And then, to the cacophony of voices and baying hounds, Remus Lupin drifted off into a blood-hazed blackness, and faraway, he could hear a scream, a voice sounding very much like his mother's, or Rafael's when he was scared.

~

1994

The boy lounged against the large high-backed armchair, the velvety dark green cushioning his ghost-pale skin. Around him music was playing; it was either Clementi or Kuhlau, he never could tell. The light-hearted classical music which filled the spaces in between dances and food always sounded the same to him: the same flowing, pleasant melodies played on string or piano, which slowly seemed to morph into monotony.

The boy sighed inwardly, the glass of champagne hanging dangerously from the tips of his long fingers. The cultured chatter of the guests around him was making him feel heady, and clutched at his heart like fingers against Snape's ancient chalkboard.

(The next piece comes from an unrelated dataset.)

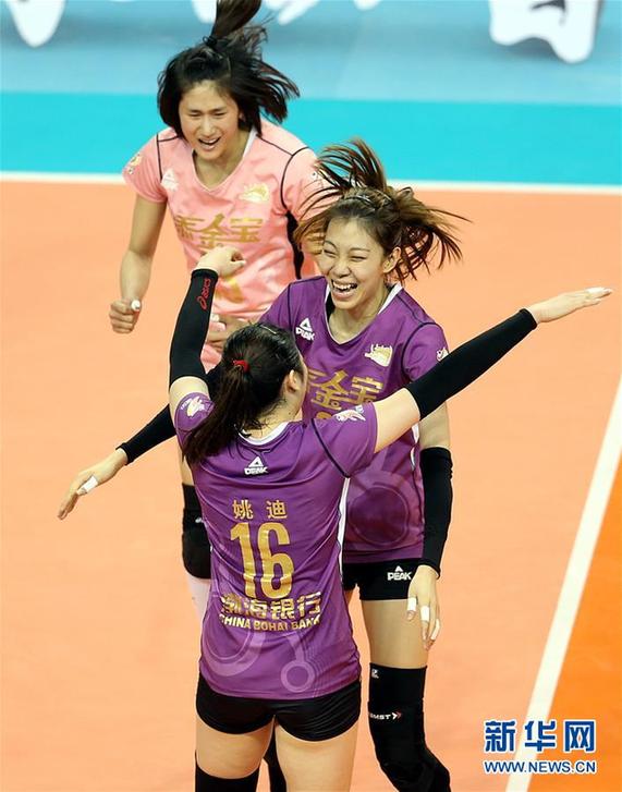 4月3日,天津渤海银行队队员庆祝夺冠。当日,在2017-2018赛季中国女子排球超级联赛决赛第七场比赛中,天津渤海银行队客场以3比2战胜上海光明优倍队,以4比3的总比分夺得冠军。新华社记者凡军摄
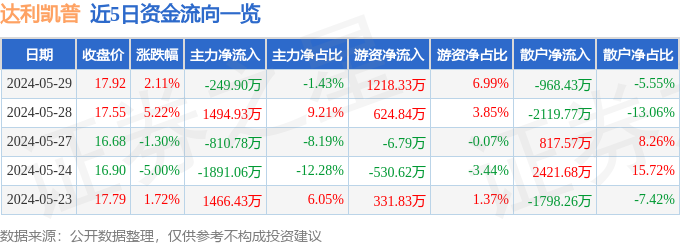 5月29日的资金流向数据方面,主力资金净流出249.9万元,占总成交额1.43%,游资资金净流入1218.33万元,占总成交额6.99%,散户资金净流出968.43万元,占总成交额5.55%。

He hated it, hated it, hated it.

Every year it was the same outward, superficial posterity and procedure: the faceless guests of the Genuine Old Families would flock down to the estate in their carriages and pearls and diamonds and silk handkerchiefs, and Father would give his speech where everyone was kept well-informed but at the same time not entirely-informed regarding the Inner Circle's most recent decisions. It was during these speeches where he would feel suddenly especially proud of Father - not that he wasn't already always proud of Father, but it was on such instances that he could be truly reassured that Father was Of A Position, and thus, as his son and heir, he himself would be Someone Of Position. And then, with that brief note of Pureblood fervour over and done with, everyone returned to their socialising, dancing on the floor with measured steps, speaking with measured vindictiveness, analysing others with measured glances. It was the same pattern, over and over and over again.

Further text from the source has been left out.